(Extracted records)
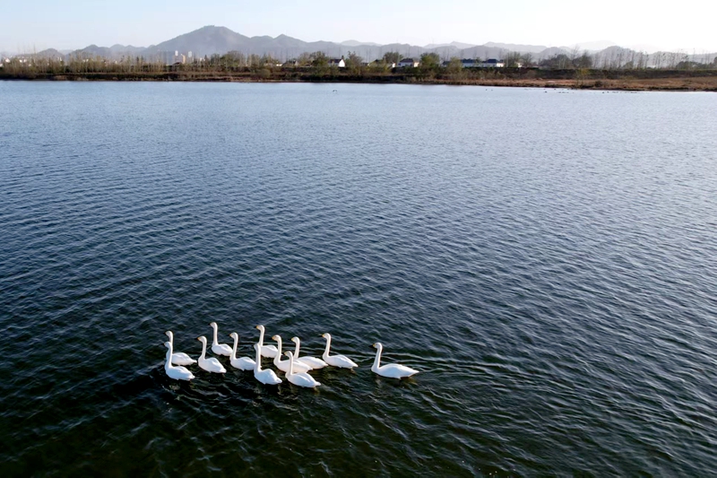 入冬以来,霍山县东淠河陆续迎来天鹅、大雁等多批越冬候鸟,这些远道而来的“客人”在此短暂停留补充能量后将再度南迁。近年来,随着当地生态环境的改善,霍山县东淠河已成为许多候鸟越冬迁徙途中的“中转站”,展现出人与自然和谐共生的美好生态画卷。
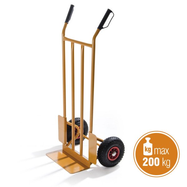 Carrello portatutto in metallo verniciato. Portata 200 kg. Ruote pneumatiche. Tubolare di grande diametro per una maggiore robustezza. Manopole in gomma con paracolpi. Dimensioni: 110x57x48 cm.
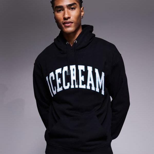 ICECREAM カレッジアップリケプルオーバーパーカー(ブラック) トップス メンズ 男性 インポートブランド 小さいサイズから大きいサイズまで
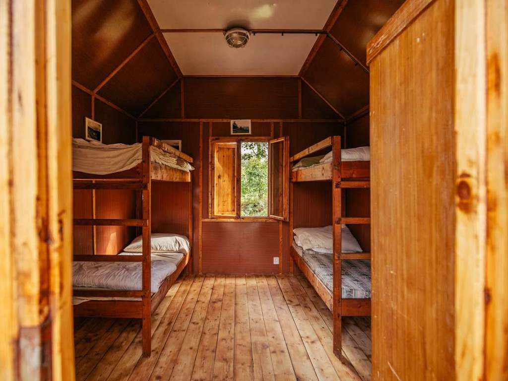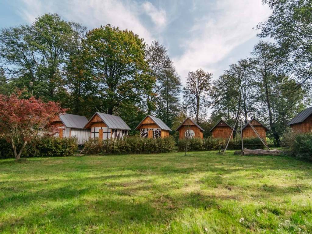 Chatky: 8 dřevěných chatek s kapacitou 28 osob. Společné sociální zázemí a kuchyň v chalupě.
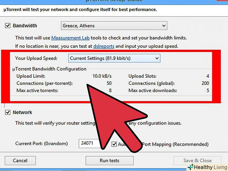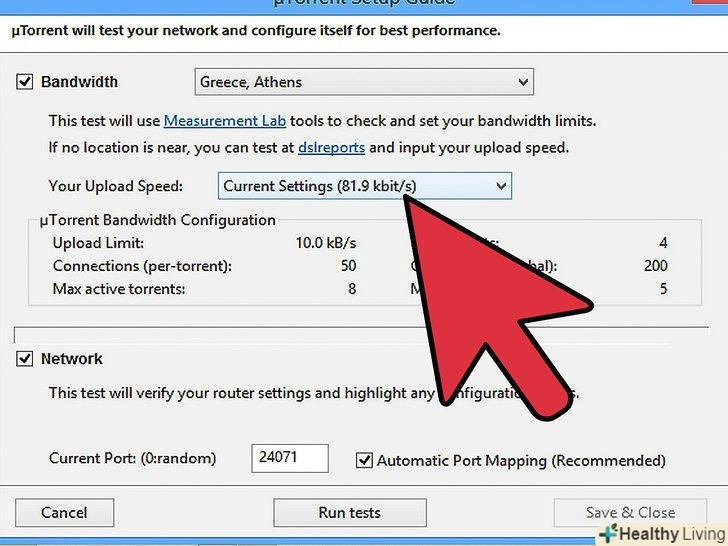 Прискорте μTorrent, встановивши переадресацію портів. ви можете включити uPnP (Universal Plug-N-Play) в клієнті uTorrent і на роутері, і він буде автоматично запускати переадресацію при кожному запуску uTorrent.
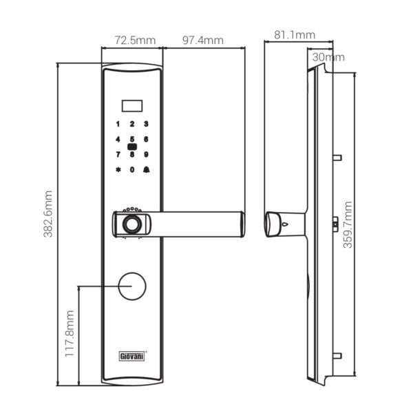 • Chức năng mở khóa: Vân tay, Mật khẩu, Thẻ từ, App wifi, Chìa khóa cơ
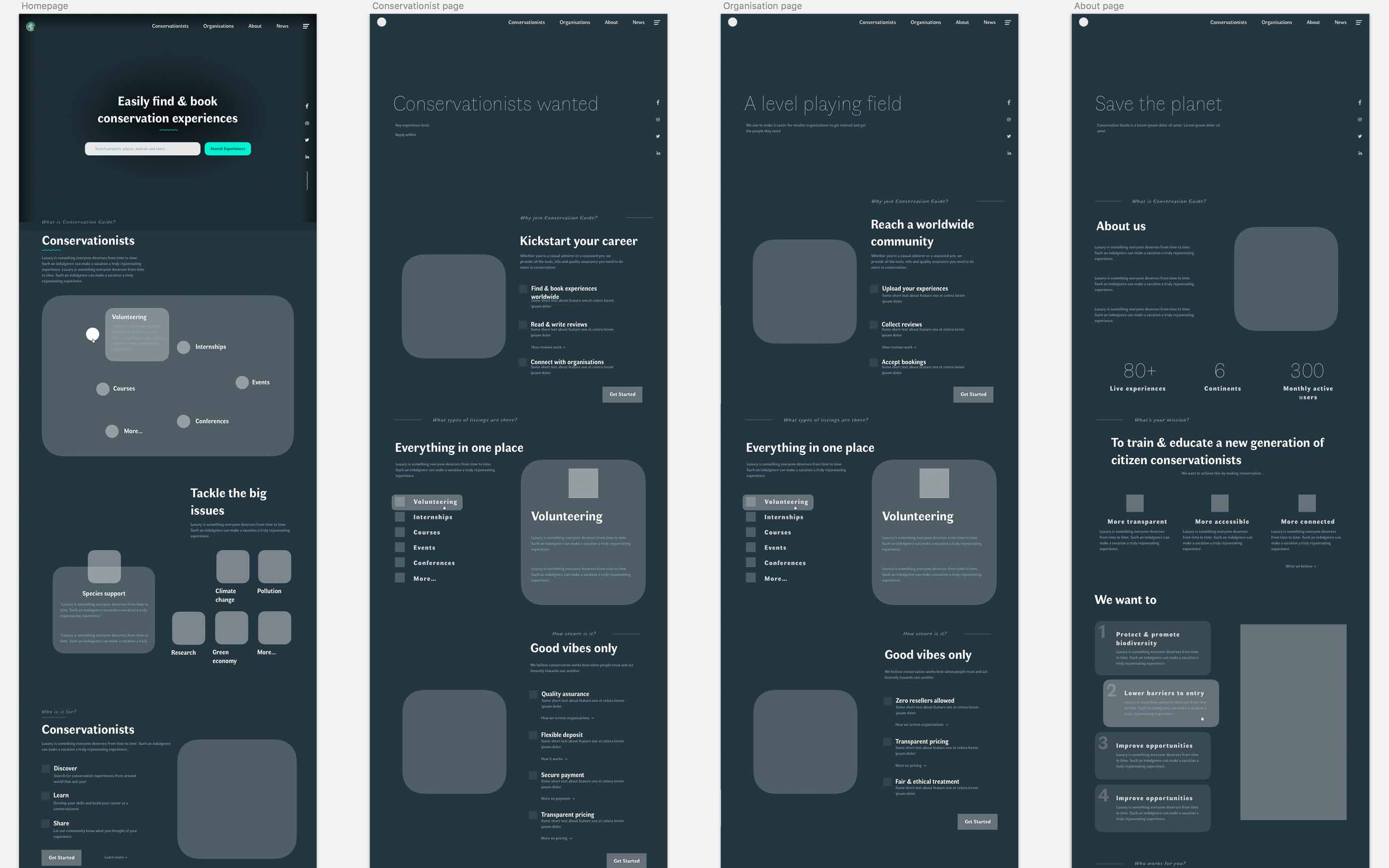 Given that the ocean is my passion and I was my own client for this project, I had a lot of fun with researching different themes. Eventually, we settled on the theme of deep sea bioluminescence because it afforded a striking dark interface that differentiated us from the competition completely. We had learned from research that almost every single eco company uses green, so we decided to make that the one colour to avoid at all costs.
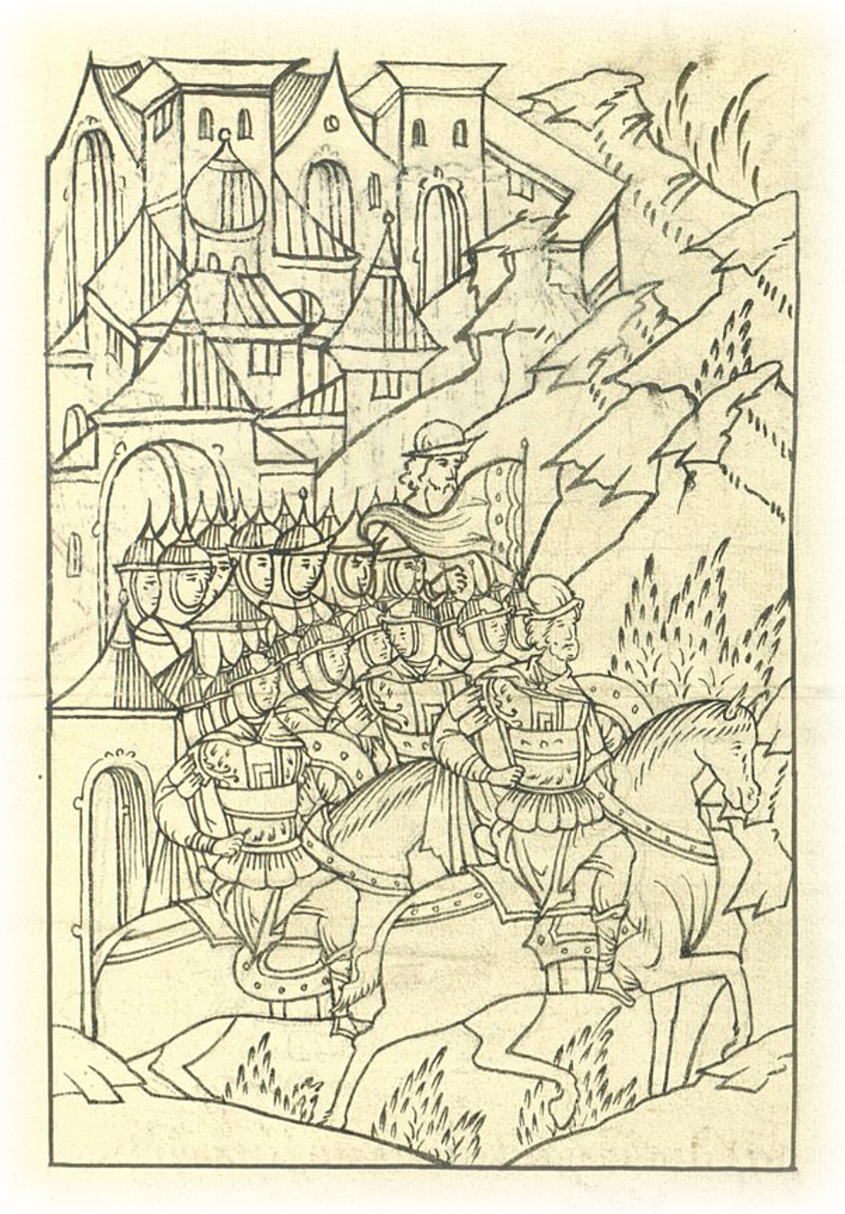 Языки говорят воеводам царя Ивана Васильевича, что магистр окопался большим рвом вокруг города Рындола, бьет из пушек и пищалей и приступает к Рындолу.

WHAT THE TASK REQUIRES =
Copy out the records exactly. Do not include the pictures.

SOLUTION TO THIS TASK =
 入冬以来,霍山县东淠河陆续迎来天鹅、大雁等多批越冬候鸟,这些远道而来的“客人”在此短暂停留补充能量后将再度南迁。近年来,随着当地生态环境的改善,霍山县东淠河已成为许多候鸟越冬迁徙途中的“中转站”,展现出人与自然和谐共生的美好生态画卷。
 Carrello portatutto in metallo verniciato. Portata 200 kg. Ruote pneumatiche. Tubolare di grande diametro per una maggiore robustezza. Manopole in gomma con paracolpi. Dimensioni: 110x57x48 cm.
 ICECREAM カレッジアップリケプルオーバーパーカー(ブラック) トップス メンズ 男性 インポートブランド 小さいサイズから大きいサイズまで
 Chatky: 8 dřevěných chatek s kapacitou 28 osob. Společné sociální zázemí a kuchyň v chalupě.
 Прискорте μTorrent, встановивши переадресацію портів. ви можете включити uPnP (Universal Plug-N-Play) в клієнті uTorrent і на роутері, і він буде автоматично запускати переадресацію при кожному запуску uTorrent.
 • Chức năng mở khóa: Vân tay, Mật khẩu, Thẻ từ, App wifi, Chìa khóa cơ
 Given that the ocean is my passion and I was my own client for this project, I had a lot of fun with researching different themes. Eventually, we settled on the theme of deep sea bioluminescence because it afforded a striking dark interface that differentiated us from the competition completely. We had learned from research that almost every single eco company uses green, so we decided to make that the one colour to avoid at all costs.
 Языки говорят воеводам царя Ивана Васильевича, что магистр окопался большим рвом вокруг города Рындола, бьет из пушек и пищалей и приступает к Рындолу.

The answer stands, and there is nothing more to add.